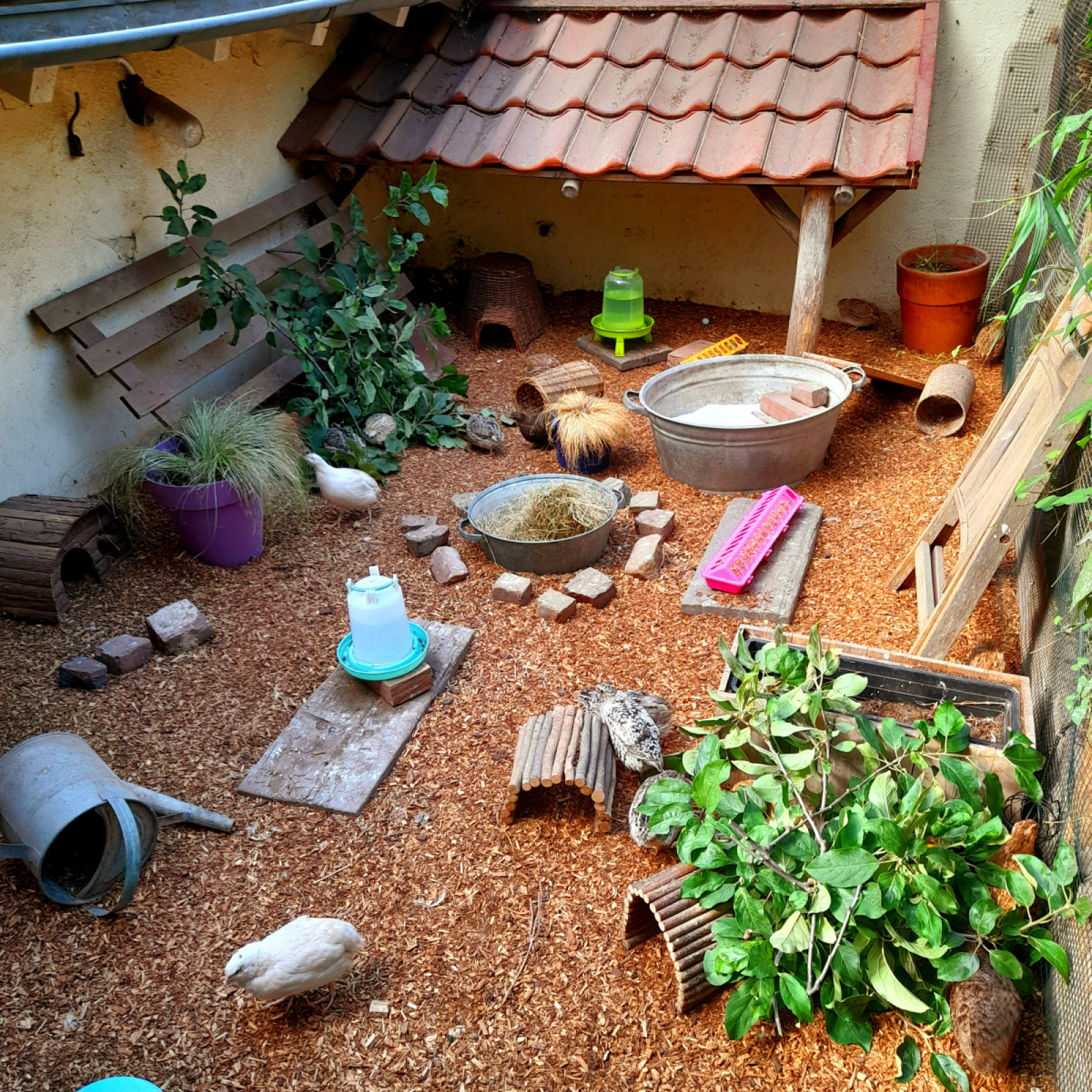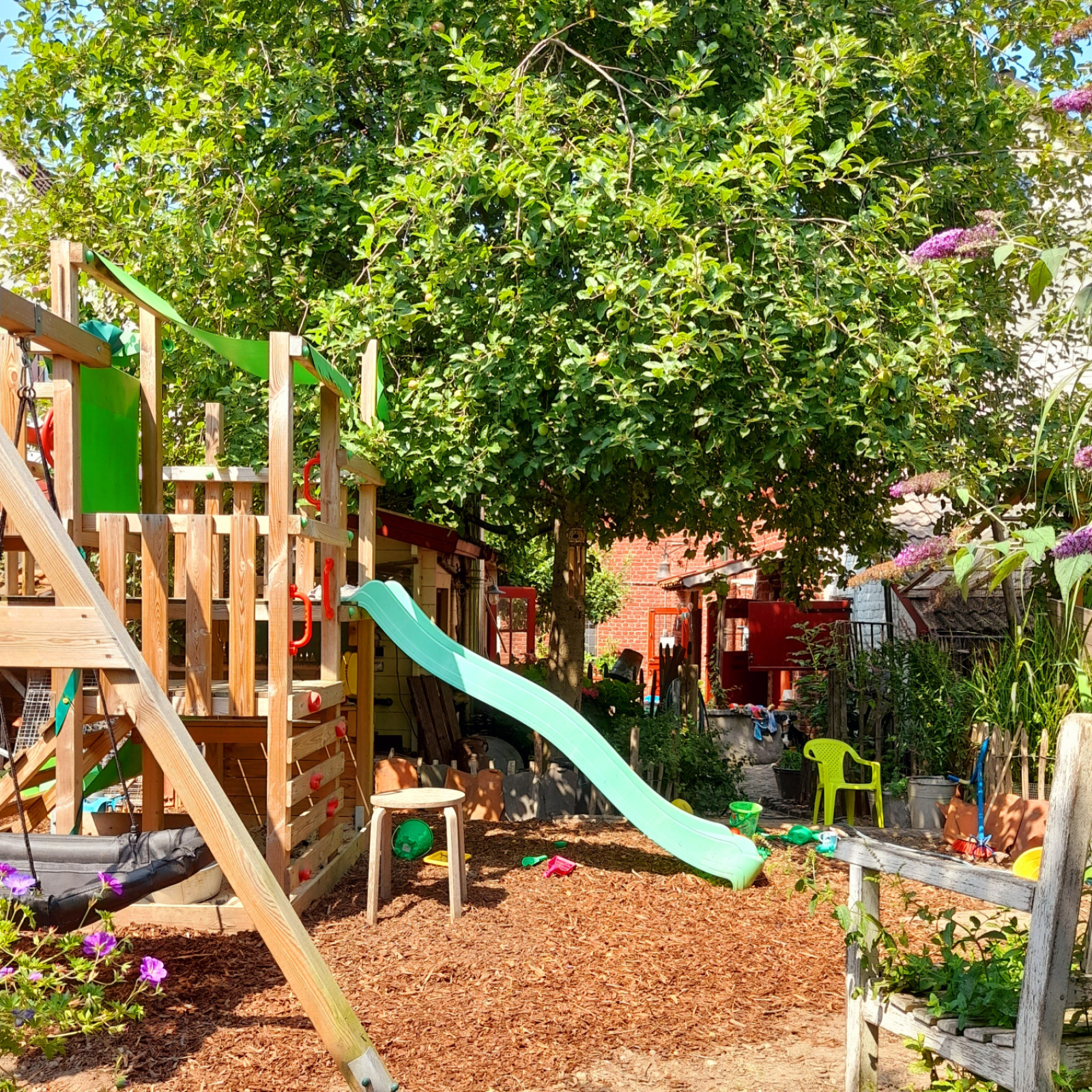 Im Außenbereich erwartet die Kinder ein geräumiger Innenhof, unser urig angelegter Garten mit vielen Sträuchern und Beeten, die gepflegt und geerntet werden wollen, sowie unser liebevoll gestaltetes Wachtelgehege. Es gibt reichlich Möglichkeiten zum Spielen, Toben, Erforschen und Entdecken. Gutes Wetter lädt hier zum Rutschauto fahren, mit Kreide malen, Sandburgen bauen und mit Wasser spielen ein. Durch unsere Obstbäume sind die Kinder vor starker Hitze und zu viel Sonne geschützt.
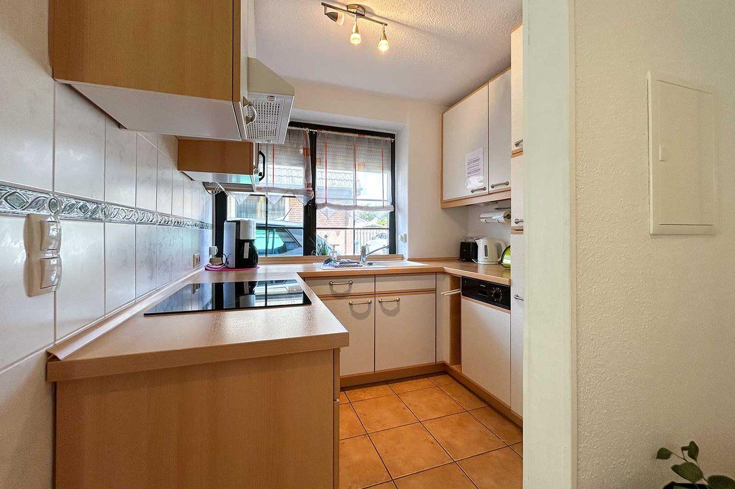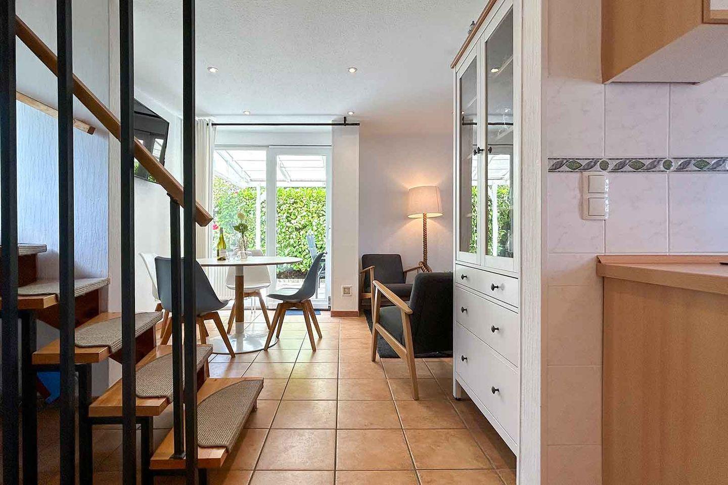 Im Erdgeschoss erwartet Sie ein heller und gemütlicher Wohn-/Essbereich mit einer überdachten Terrasse. Die separate Küche ist vollständig ausgestattet und das moderne Duschbad mit WC rundet das Angebot ab.
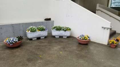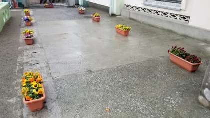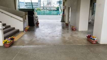わかば学級、2年生の育てたパンジーで、花道をつくりました。
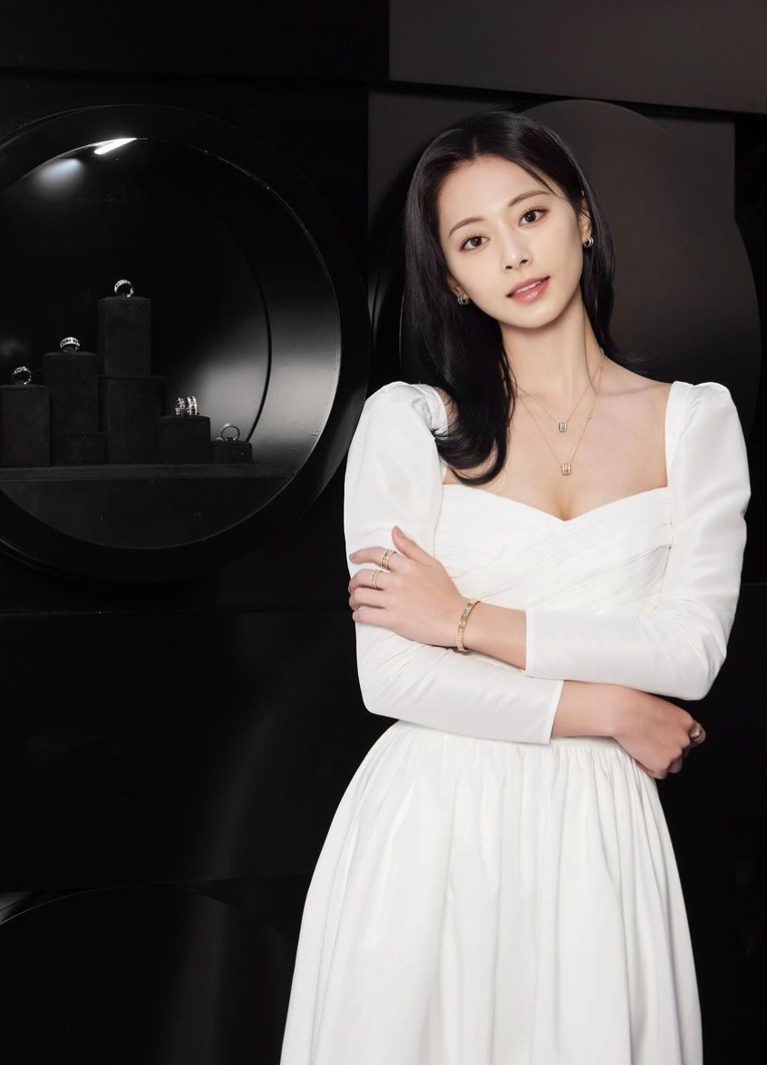 很少出席活動的韓國人氣女團 TWICE 成員周子瑜也現身活動上,以一身優雅潔白的復古公主袖抽皺洋裝,佩戴 DAMIANI Belle Époque Reel 系列18K白金耳環、18K黃金手環、兩款項鍊,
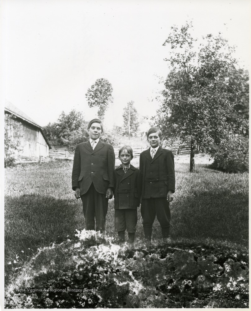 - Three young boys wearing suits are standing in a field in Helvetia, West Virginia.
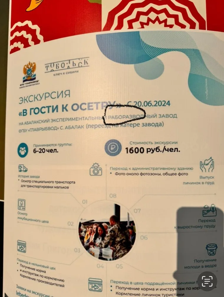 В Тобольске на рекламной афише, приглашающей на экскурсию, из-за опечатки рыборазводный завод стал «раборазводным». Снимком в социальных сетях поделились местные жители.
====
▶ [Exercise directions] Return the material as it stands. Leave out the pictures.

▶ [Output]
 Im Außenbereich erwartet die Kinder ein geräumiger Innenhof, unser urig angelegter Garten mit vielen Sträuchern und Beeten, die gepflegt und geerntet werden wollen, sowie unser liebevoll gestaltetes Wachtelgehege. Es gibt reichlich Möglichkeiten zum Spielen, Toben, Erforschen und Entdecken. Gutes Wetter lädt hier zum Rutschauto fahren, mit Kreide malen, Sandburgen bauen und mit Wasser spielen ein. Durch unsere Obstbäume sind die Kinder vor starker Hitze und zu viel Sonne geschützt.
 Im Erdgeschoss erwartet Sie ein heller und gemütlicher Wohn-/Essbereich mit einer überdachten Terrasse. Die separate Küche ist vollständig ausgestattet und das moderne Duschbad mit WC rundet das Angebot ab.
わかば学級、2年生の育てたパンジーで、花道をつくりました。
 很少出席活動的韓國人氣女團 TWICE 成員周子瑜也現身活動上,以一身優雅潔白的復古公主袖抽皺洋裝,佩戴 DAMIANI Belle Époque Reel 系列18K白金耳環、18K黃金手環、兩款項鍊,
 - Three young boys wearing suits are standing in a field in Helvetia, West Virginia.
 В Тобольске на рекламной афише, приглашающей на экскурсию, из-за опечатки рыборазводный завод стал «раборазводным». Снимком в социальных сетях поделились местные жители.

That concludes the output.